Let's take a look at the datasets and them merge them together. 

In [108]:
lat_long.head()

Unnamed: 0,Postal Code,Latitude,Longitude
0,M1B,43.806686,-79.194353
1,M1C,43.784535,-79.160497
2,M1E,43.763573,-79.188711
3,M1G,43.770992,-79.216917
4,M1H,43.773136,-79.239476


In [109]:
postal_codes.head()

Unnamed: 0,PostalCode,Borough,Neighborhood
0,M9L,North York,Humber Summit
1,M2J,North York,"Fairview, Henry Farm, Oriole"
2,M6P,West Toronto,"High Park, The Junction South"
3,M1K,Scarborough,"Kennedy Park, Ionview, East Birchmount Park"
4,M1B,Scarborough,"Malvern, Rouge"


In [110]:
lat_long.shape, postal_codes.shape

((103, 3), (103, 3))

Great!
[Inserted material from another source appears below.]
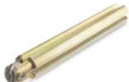
Rodel PLUS Ø 10 mm.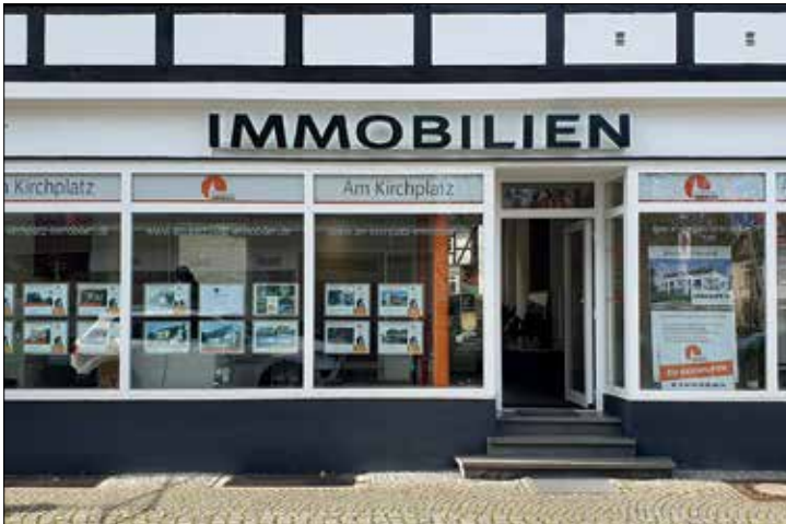
„Am Kirchplatz Immobilien“ ist bereits seit 17 Jahren in der Region in Sachen Immobilien-Vermarktung tätig und seit 2015 auch in Halle am Kirchplatz ansässig

They're the same shape. This will be easy. Let's make sure the Postal Codes are sorted the same. 

In [111]:
lat_long = lat_long.sort_values(by=['Postal Code'])
lat_long

Unnamed: 0,Postal Code,Latitude,Longitude
0,M1B,43.806686,-79.194353
1,M1C,43.784535,-79.160497
2,M1E,43.763573,-79.188711
3,M1G,43.770992,-79.216917
4,M1H,43.773136,-79.239476
...,...,...,...
98,M9N,43.706876,-79.518188
99,M9P,43.696319,-79.532242
100,M9R,43.688905,-79.554724
101,M9V,43.739416,-79.588437


In [112]:
postal_codes = postal_codes.sort_values(by=['PostalCode'])
postal_codes

Unnamed: 0,PostalCode,Borough,Neighborhood
4,M1B,Scarborough,"Malvern, Rouge"
20,M1C,Scarborough,"Rouge Hill, Port Union, Highland Creek"
92,M1E,Scarborough,"Guildwood, Morningside, West Hill"
70,M1G,Scarborough,Woburn
37,M1H,Scarborough,Cedarbrae
...,...,...,...
87,M9N,York,Weston
22,M9P,Etobicoke,Westmount
54,M9R,Etobicoke,"Kingsview Village, St. Phillips, Martin Grove ..."
56,M9V,Etobicoke,"South Steeles, Silverstone, Humbergate, Jamest..."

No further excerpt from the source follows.